When the best path degrades:

Continuous probing detects the degradation (within 50ms)
The Cluster Ranker promotes path #2 to active
The next packet uses the new path
Elapsed time: one forwarding decision (~microseconds)

There is no “convergence” because there is nothing to converge. All paths were already measured. The ranking just changed.

Fair Queuing

If an attacker – state-level or otherwise – floods your switch with traffic, Fair Queuing ensures no single source can monopolize bandwidth.

Every LWF frame has a source_hint in its header (20 bytes). Fair Queuing buckets traffic by source_hint and allocates bandwidth equally via Deficit Round Robin. An attacker flooding from one source gets 1/N of bandwidth, where N is the number of active sources. The attacker must generate as many unique identities as your Chapter has members just to get a majority of bandwidth – and each identity needs a valid Entropy Stamp (RFC-0100) to pass the Membrane Agent.
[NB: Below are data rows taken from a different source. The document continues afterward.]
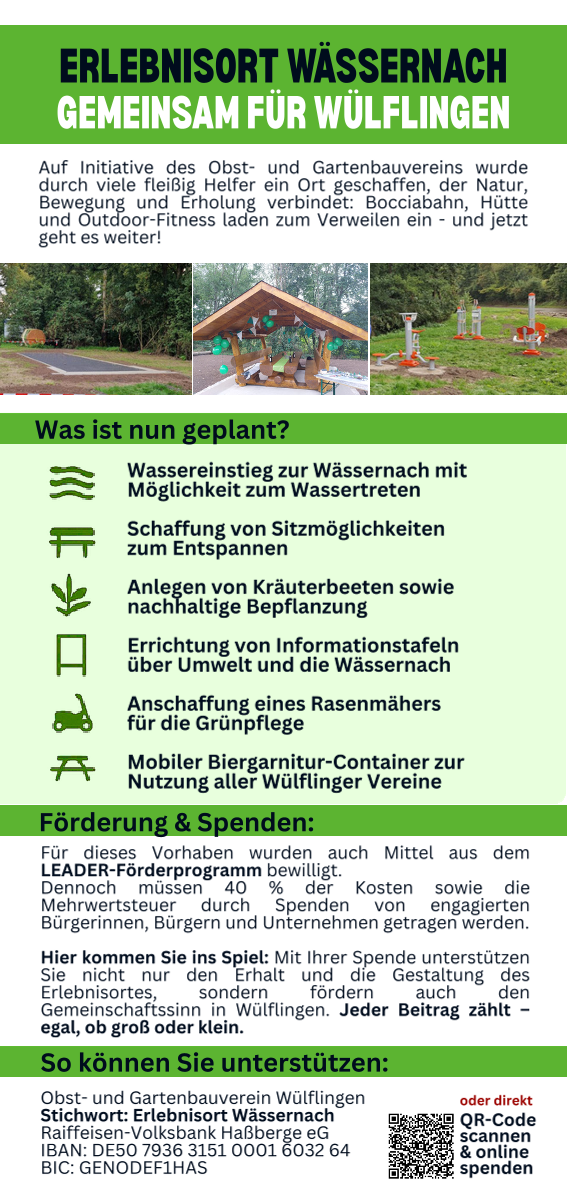 Gemeinsam wollen wir das neue Jahr begrüßen, den Zusammenhalt stärken und einen schönen Abend miteinander verbringen. Außerdem stellen wir an diesem Abend den 3. Bauabschnitt des „Erlebnisort Wässernach“ vor und rufen zu Spenden für die Weiterentwicklung dieses besonderen Platzes auf.
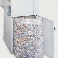 High volumes of shredding can be handled with ease by the IDEAL 4108 CC. Inside is a high capacity 300-litre disposable bag for shredded material, and the feeding table and conveyor keep paper running through without jams. It is easy to use and built to last, with specially hardened steel cutting shafts and centralised oil lubrication of the shredding head to ensure smoother operation.
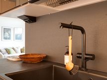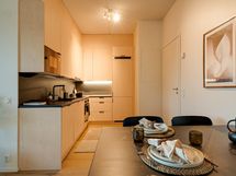 Keittiö on oma kokonaisuutensa – rauhallinen ja käytännöllinen tila, johon mahtuu hyvin ruokapöytä. Aamiaiskaappi viimeistelee kokonaisuuden ja tekee arjen aloituksesta vaivatonta.
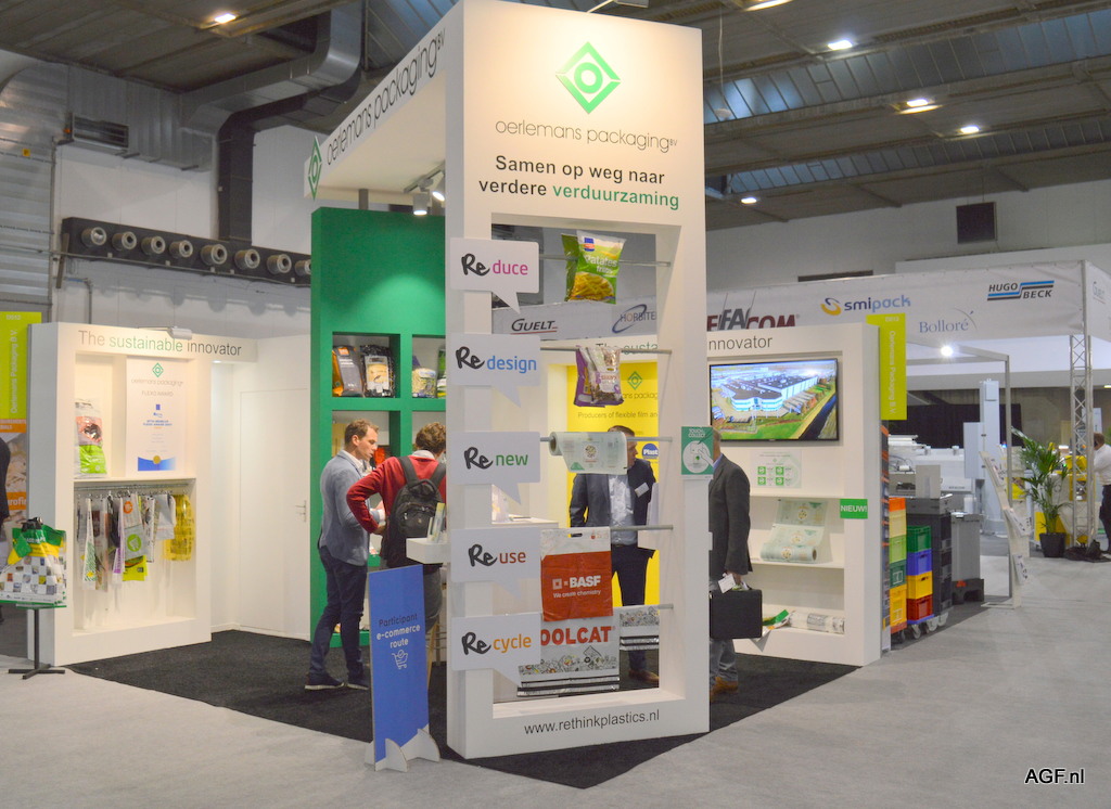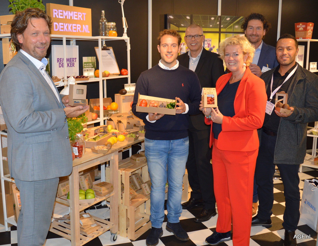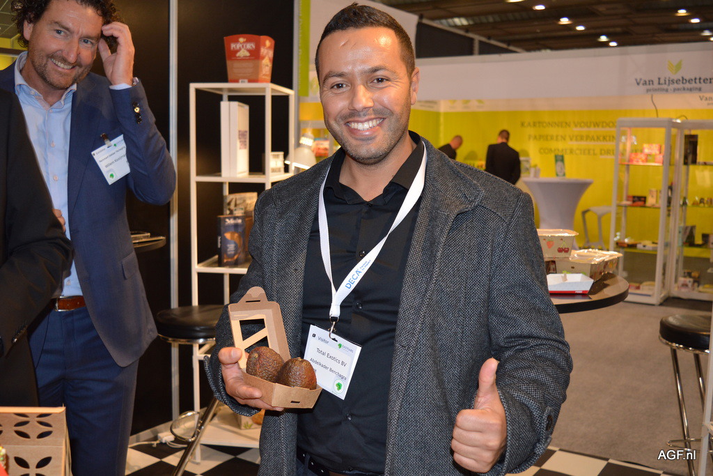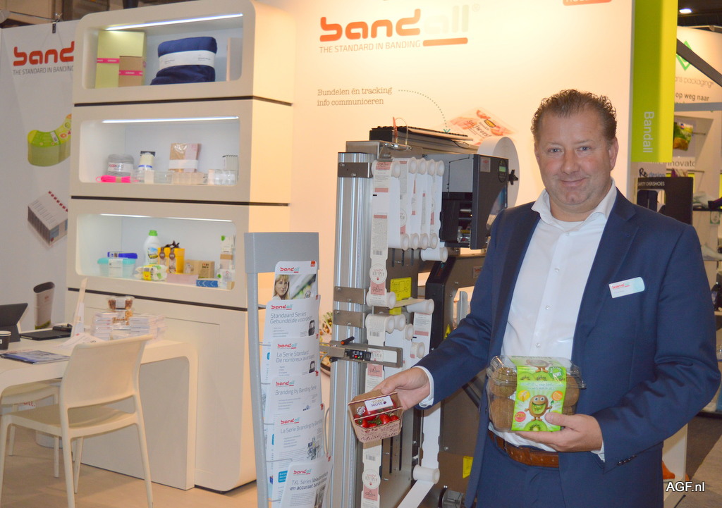 Erik de Roos van Bandall toont een punnet met kiwi's waar een banderol omheen zit. Hierop kan je veel informatie kwijt over het product en sluit tevens het deksel op de verpakking. Ook laat Erik de TomaMuse van Stoffels tomaten zien. Door de banderol wordt het product ook binnen de verpakking gehouden. Zo creëer je een 'dekseltje' waarvoor maar weinig verpakkingsmateriaal nodig is. Ook geeft het een exclusieve uitstraling.

This is not filtering. This is fluid dynamics. Every source gets equal treatment. No identity resolution. No DID lookup. No L1 interaction. Pure L0 physics.

Deployment Scenarios

Scenario 1: Chapter Nexus (Internal Only)

Your Chapter operates a physical Nexus with its own switches and cabling.

┌──────────────────────────────────────────────┐
│                CHAPTER NEXUS                  │
│                                               │
│  Switch A ←──LRP──→ Switch B ←──LRP──→ ...  │
│      │                   │                    │
│      └───── LRP ─────────┘                    │
│                                               │
│  All internal routing: LRP                    │
│  All switches: Chapter-controlled             │
│  Policy enforcement: NONE at L0               │
│  Filtering: Membrane Agent at L1 (per node)   │
└──────────────────────────────────────────────┘

Setup: Install the LRP daemon on every switch. Configure neighbour discovery. Set your Chapter’s QV weights. Done. Switches discover each other, exchange Quality Vectors, build Path DAGs, and route traffic.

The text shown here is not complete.